Please write out the lines of the data exactly, beginning with the first and ending with the line containing "1) Cut a square"; leave the pictures behind.

Segment Start: COLLECTED MATERIAL

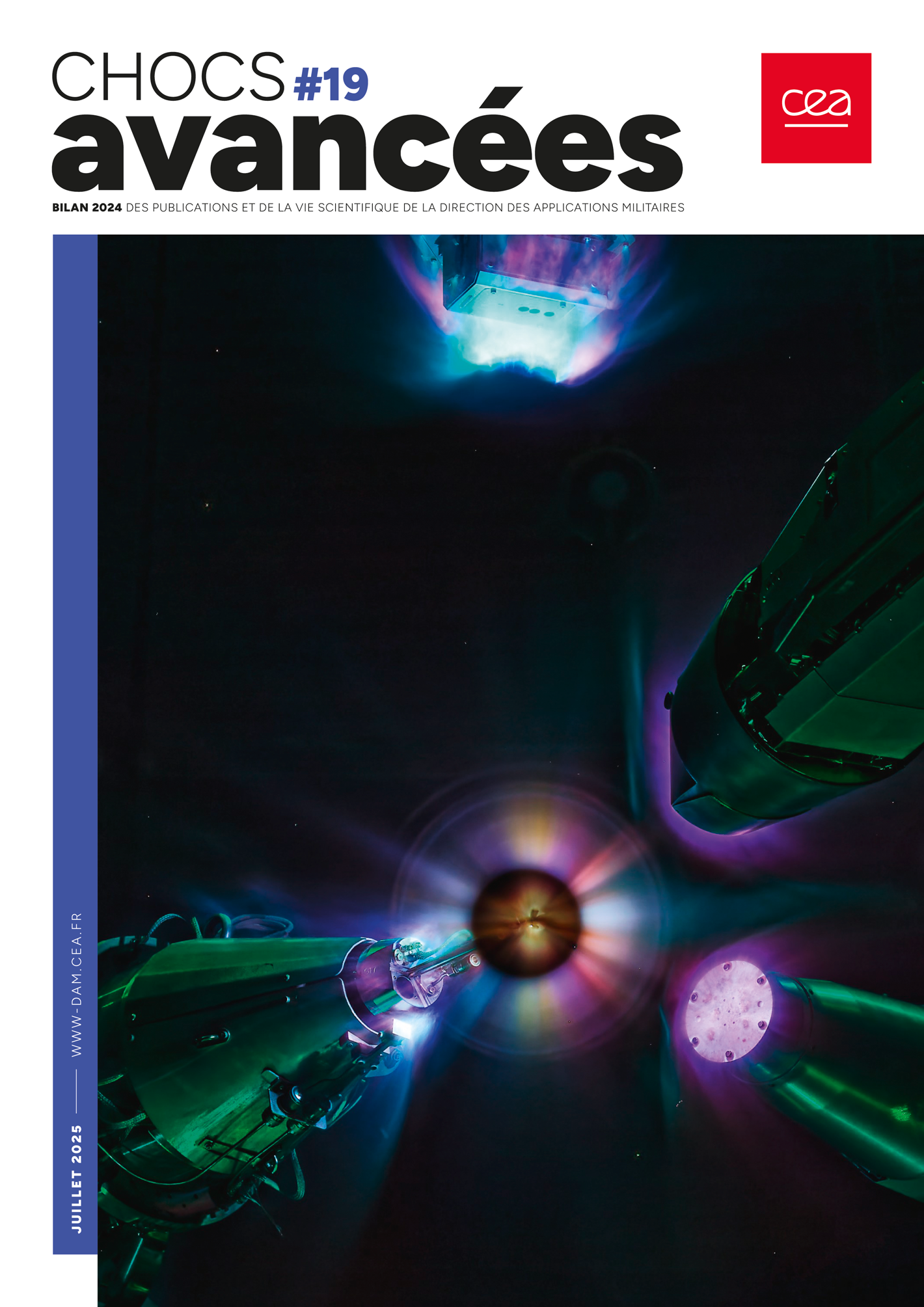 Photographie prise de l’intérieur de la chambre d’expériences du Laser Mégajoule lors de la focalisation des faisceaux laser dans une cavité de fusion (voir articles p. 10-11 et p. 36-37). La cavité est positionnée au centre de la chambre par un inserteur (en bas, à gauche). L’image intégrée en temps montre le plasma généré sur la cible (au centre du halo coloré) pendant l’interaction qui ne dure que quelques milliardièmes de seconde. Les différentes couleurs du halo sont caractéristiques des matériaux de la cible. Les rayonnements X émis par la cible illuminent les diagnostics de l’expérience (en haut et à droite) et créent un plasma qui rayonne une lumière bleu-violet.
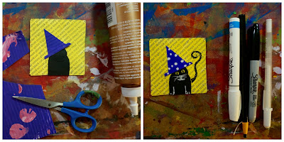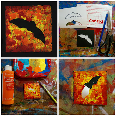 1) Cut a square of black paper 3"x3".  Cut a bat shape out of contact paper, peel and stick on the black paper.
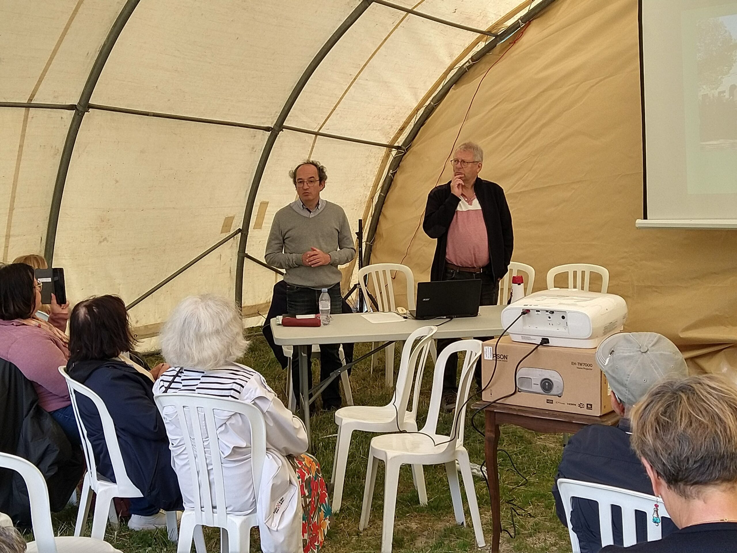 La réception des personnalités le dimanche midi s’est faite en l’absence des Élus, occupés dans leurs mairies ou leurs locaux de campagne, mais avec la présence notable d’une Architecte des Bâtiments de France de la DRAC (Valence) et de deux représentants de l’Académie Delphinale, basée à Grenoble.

Segment End: COLLECTED MATERIAL

*TASK ANSWER*.
 Photographie prise de l’intérieur de la chambre d’expériences du Laser Mégajoule lors de la focalisation des faisceaux laser dans une cavité de fusion (voir articles p. 10-11 et p. 36-37). La cavité est positionnée au centre de la chambre par un inserteur (en bas, à gauche). L’image intégrée en temps montre le plasma généré sur la cible (au centre du halo coloré) pendant l’interaction qui ne dure que quelques milliardièmes de seconde. Les différentes couleurs du halo sont caractéristiques des matériaux de la cible. Les rayonnements X émis par la cible illuminent les diagnostics de l’expérience (en haut et à droite) et créent un plasma qui rayonne une lumière bleu-violet.
 1) Cut a square of black paper 3"x3".  Cut a bat shape out of contact paper, peel and stick on the black paper.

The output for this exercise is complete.